◆ Exercise ◆
Without including the images, transcribe each record precisely as it appears below.
------------------------------------------------
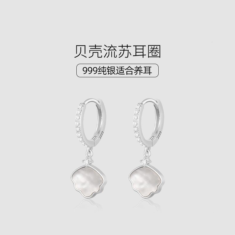 喜飾銀匠999純銀イヤリング女性欧米高級感貝殻流蘇耳ペンダント軽贅沢ファッション耳ボタン代発
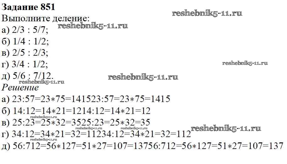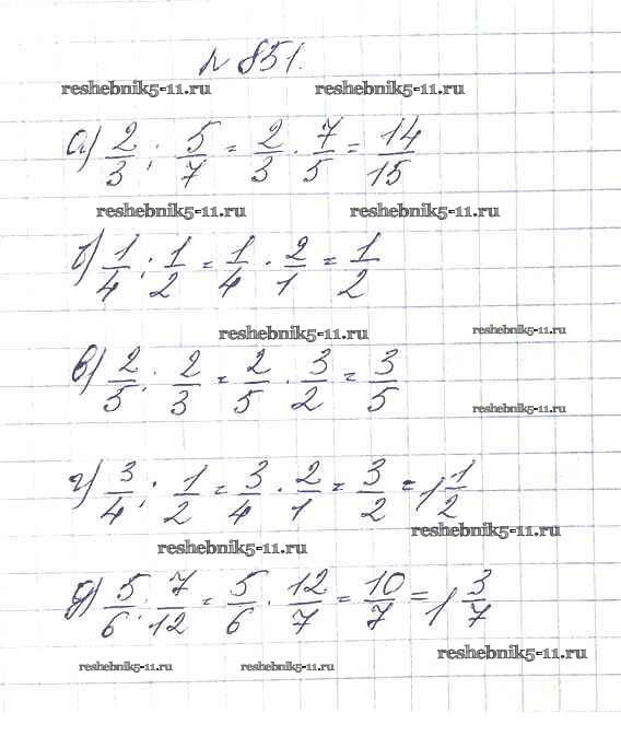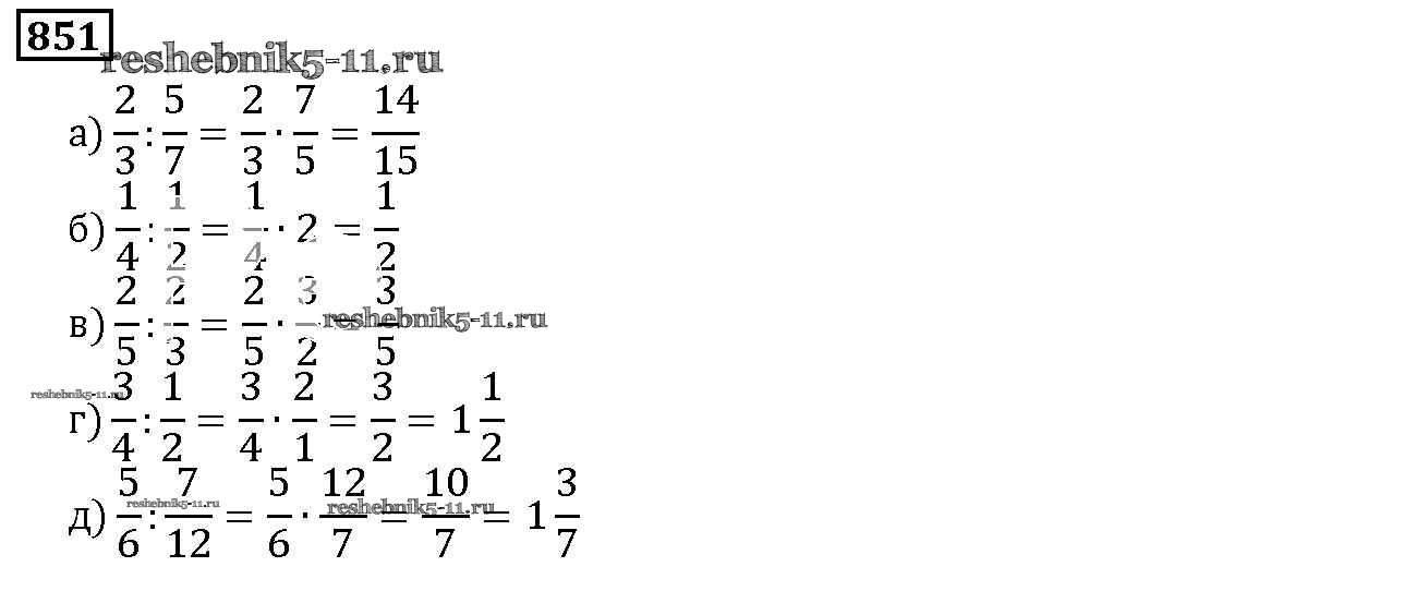 Готовая домашняя работа с ответами по Математике за 5 класс Дорофеев, Шарыгин, Суворова, Бунимович, Кузнецова, Минаева, Рослова Учебник Просвещение 2015 ФГОС - 9.5. Деление дробей 851
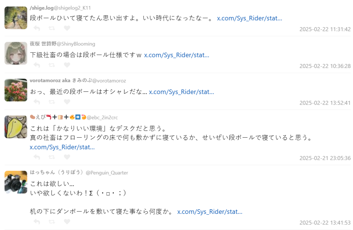 有睡過公司的社畜網友表示,這比自己過去睡在紙箱上好多了,下等的社畜可能就只有紙箱,這種有床的辦公桌應該是給高階人士的 XD。
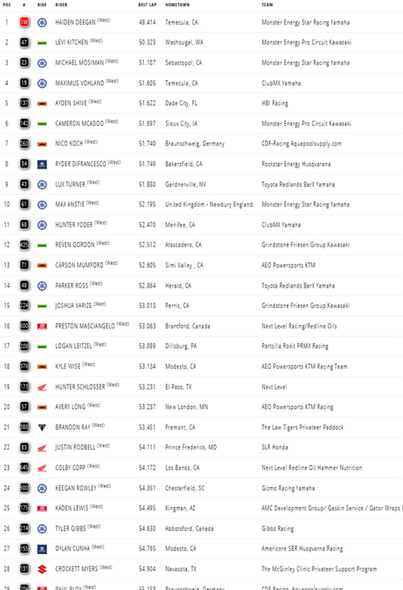 Prado en Deegan pakken pole position in Seattle by motocrossplanet14 februari 2026 Jorge Prado en Haiden Deegan staan op pole position tijdens de zesde wedstrijd van het AMA Supercross Kampioenschap in Seattle. Bekijk hieronder de tijden: 450: 250: Photocredits – Align Media
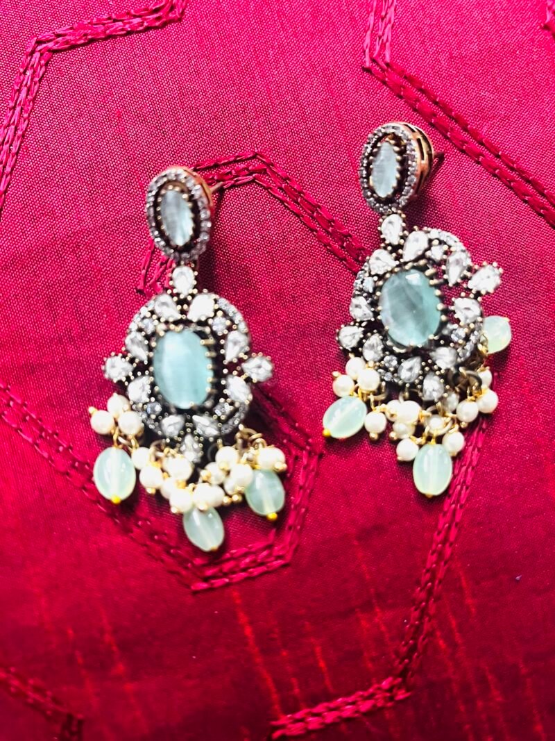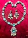 Elegant turquoise teal Victorian long haram with dazzling earrings
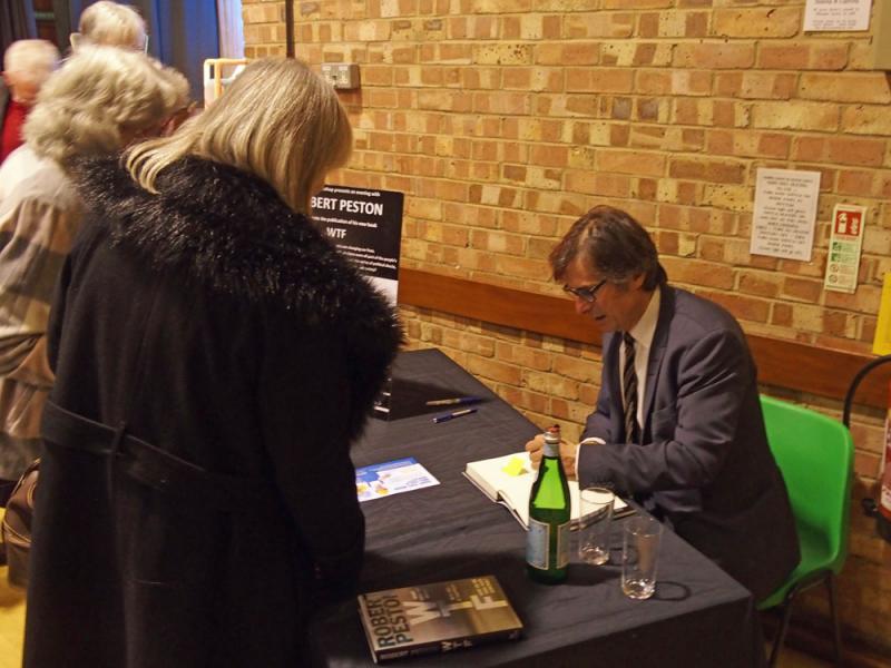 After a very appreciative applause we both left the stage, and moved to the signing table where a long queue had already formed. Robert, here, was just as impressive. He gave warm and attentive responses to each person, was prepared to have photos taken, and listened carefully to any comments people wished to make while knowing when and how to move them on politely.
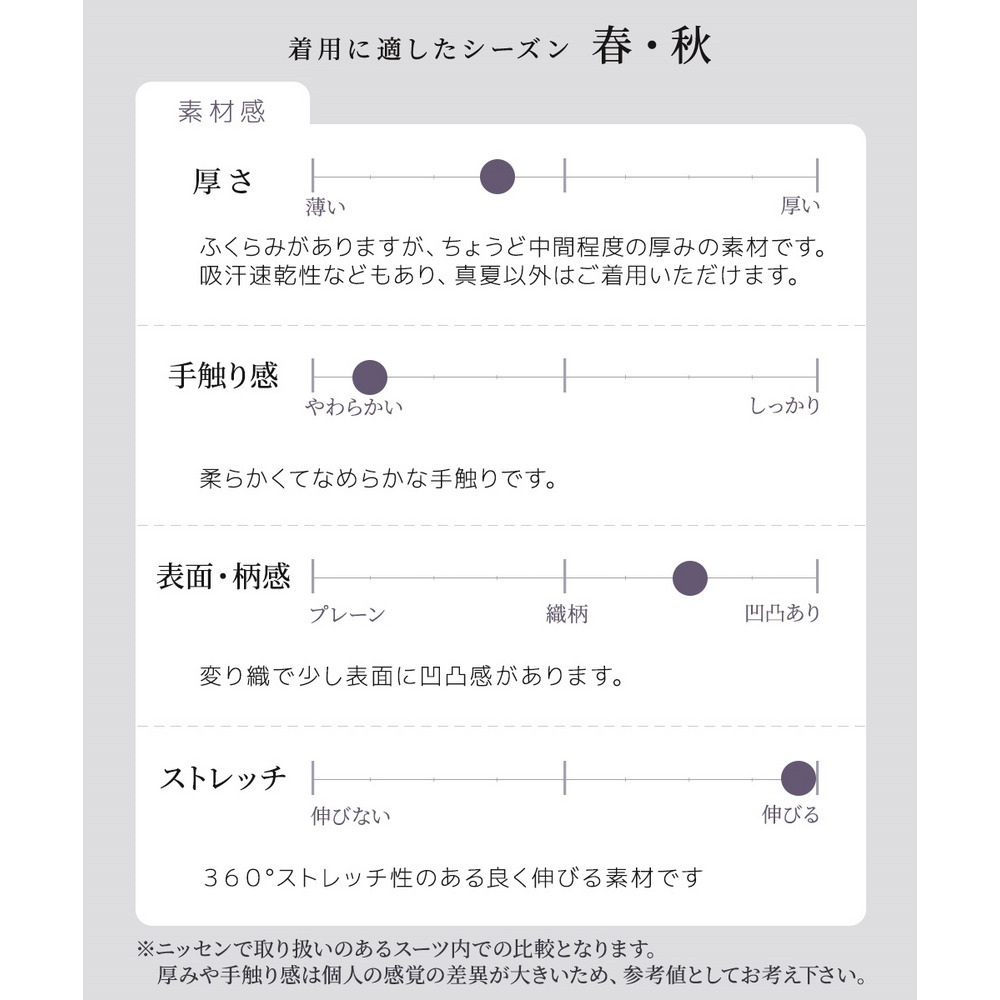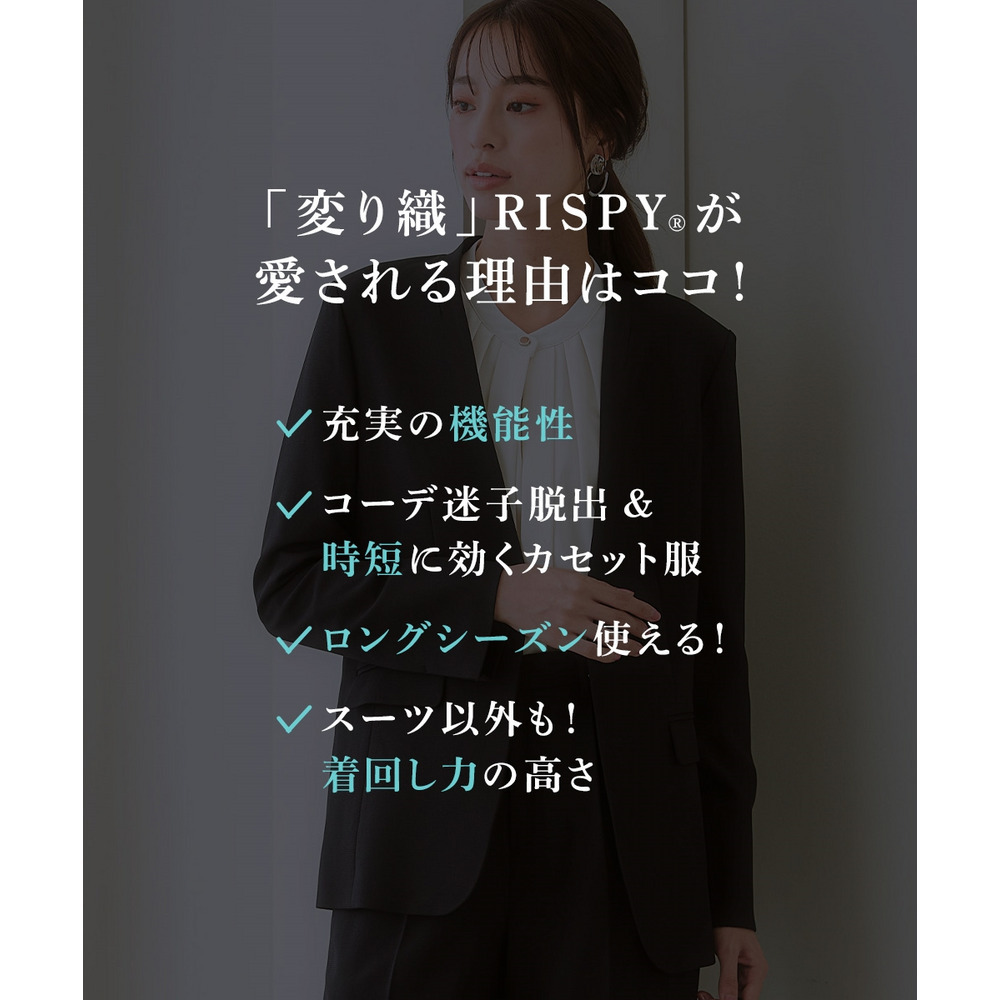 ・快適機能が満載で大人気の多機能素材”RISPY(R)”に、大人上品な変り織タイプ!・上品で主張しすぎない変り織なので、スーツとしては勿論単品使いもしやすい無地ライクで、こなれた今どきのおしゃれセットアップをお楽しみいただけます。
------------------------------------------------
◆ Task answer ◆
 喜飾銀匠999純銀イヤリング女性欧米高級感貝殻流蘇耳ペンダント軽贅沢ファッション耳ボタン代発
 Готовая домашняя работа с ответами по Математике за 5 класс Дорофеев, Шарыгин, Суворова, Бунимович, Кузнецова, Минаева, Рослова Учебник Просвещение 2015 ФГОС - 9.5. Деление дробей 851
 有睡過公司的社畜網友表示,這比自己過去睡在紙箱上好多了,下等的社畜可能就只有紙箱,這種有床的辦公桌應該是給高階人士的 XD。
 Prado en Deegan pakken pole position in Seattle by motocrossplanet14 februari 2026 Jorge Prado en Haiden Deegan staan op pole position tijdens de zesde wedstrijd van het AMA Supercross Kampioenschap in Seattle. Bekijk hieronder de tijden: 450: 250: Photocredits – Align Media
 Elegant turquoise teal Victorian long haram with dazzling earrings
 After a very appreciative applause we both left the stage, and moved to the signing table where a long queue had already formed. Robert, here, was just as impressive. He gave warm and attentive responses to each person, was prepared to have photos taken, and listened carefully to any comments people wished to make while knowing when and how to move them on politely.
 ・快適機能が満載で大人気の多機能素材”RISPY(R)”に、大人上品な変り織タイプ!・上品で主張しすぎない変り織なので、スーツとしては勿論単品使いもしやすい無地ライクで、こなれた今どきのおしゃれセットアップをお楽しみいただけます。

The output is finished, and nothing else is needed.